Page 1 of 1

Order By before Hashed Stage

Posted: Thu Oct 23, 2008 3:49 am
by Amit_111
Hi All,

I have a simple question, Do we need to provide a sorted data as input to a Hashed Stage so that a proper and correct lookup logic can be applied on the hashed file????

Thanks in Advance.

Posted: Thu Oct 23, 2008 4:54 am
by ArndW
No. The hashing algorithm determines how the data is stored. If you sort your input stream by the key column you use for the subsequent lookup then you might gain a miniscule amount of time since each lookup will have a higher chance of hitting the same record, which is probably still in memory and quickly reachable.

Posted: Sat Nov 01, 2008 8:33 am
by Amit_111
But When I use my query as is and do Lookup on it .... I miss out some records which are actually present in the LookUp and which should have matched..............And when I order by my Lookup query and take data in the Hashed file all records wihich actually should match goes in the target.......What could be the issue then out here in the LookUp ??
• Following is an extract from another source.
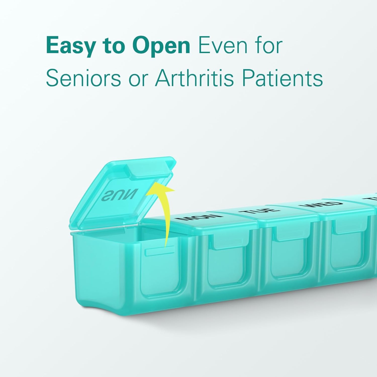 - User-Friendly Medication Organizer - The snap-shut lids of this pill holder stay closed tightly, would never pop up accidentally. Meanwhile the pill box 7 day is easy to open, really friendly to people with elderly, kids or arthritis
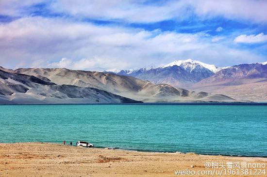 雪山,蓝天,碧水,看到这样的景色人也忘了旅途的疲劳。

Posted: Sat Nov 01, 2008 8:40 am
by ArndW
Can you explain your job design in more detail? The hashed-file lookup ordering should not affect the outcome.

Posted: Sat Nov 01, 2008 11:08 am
by chulett
Probably a victim of not understanding the destructive overwrite nature of the beast. Also known as "When Keys Collide". :wink:

Posted: Thu Nov 13, 2008 6:36 am
by Amit_111
Sorry Craig, I didn't get your point and what your were pointing towards.

I will just explain my Job design. I have some records from the Source tables. I have a Lookup query which brings the Policy Numbers and other requred feilds with it in a Hashed file on which a Lookup is done.

Now I need to check if the records coming from source are present in my LookUp. If yes I need to take forward the corresponding fields also from the Lookup reocrds.

Here when I order By the Lookup records by Policy Number (Which is numeric DataType) I get the Lookup logic correct i.e. if records are present the corresponding records from LookUp go ahead.

BUt when I remove the Order By Clause, Some source records present in the Lookup are still getting rejected.

I didnt understand why this weird thing is happening and how the "Order By" clause is playing a role out here??

Posted: Thu Nov 13, 2008 8:22 am
by chulett
The "order by" won't affect the actual lookup itself but can affect the hashed file population. Where exactly do you "order by"? And "rejected" in this case means the lookup fails? :?

Posted: Sat Nov 15, 2008 3:30 am
by pxraja
Amit_111 wrote:
Now I need to check if the records coming from source are present in my LookUp. If yes I need to take forward the corresponding fields also from the Lookup reocrds.

Here when I order By the Lookup records by Policy Number (Which is numeric DataType) I get the Lookup logic correct i.e. if records are present the corresponding records from LookUp go ahead.

BUt when I remove the Order By Clause, Some source records present in the Lookup are still getting rejected.

I didnt understand why this weird thing is happening and how the "Order By" clause is playing a role out here??
Hi,
what is the primary key field?
The above issue comes to me when the same key field comes twice hash stage will update the same record.

when you use order by you are getting the record you want, Is that the key column or check for redundancy of the records.

Posted: Sat Nov 15, 2008 3:33 am
by pxraja
Amit_111 wrote:
Now I need to check if the records coming from source are present in my LookUp. If yes I need to take forward the corresponding fields also from the Lookup reocrds.

Here when I order By the Lookup records by Policy Number (Which is numeric DataType) I get the Lookup logic correct i.e. if records are present the corresponding records from LookUp go ahead.

BUt when I remove the Order By Clause, Some source records present in the Lookup are still getting rejected.

I didnt understand why this weird thing is happening and how the "Order By" clause is playing a role out here??
Hi,
what is the primary key field?
The above issue comes to me when the same key field comes twice hash stage will update the same record.

when you use order by you are getting the record you want, Is that the key column or check for redundancy of the records.

Posted: Sat Nov 15, 2008 8:28 am
by chulett
Something we've already tried to explain. Hence my comments about "destructive overwrite" (the official name and something easily searched for here) and "population v. lookup".

Posted: Mon Nov 17, 2008 12:01 am
by Amit_111
chulett wrote:The "order by" won't affect the actual lookup itself but can affect the hashed file population. Where exactly do you "order by"? And "rejected" in this case means the looku ...
I am doing the 'Order By' while selecting the records through the Oracle Stage i.e. just before populating them in the Hashed File. Yess the Rejected records I am talking about are the once which fails in a LookUp. The Column 'Policy Number' on which I am doing 'order by' is a Primary Key in the Source table itself. so a duplicate records will not be present for it.

Posted: Mon Nov 17, 2008 1:16 am
by chulett
What are the Key fields in the hashed file? That is the pertinent information needed here.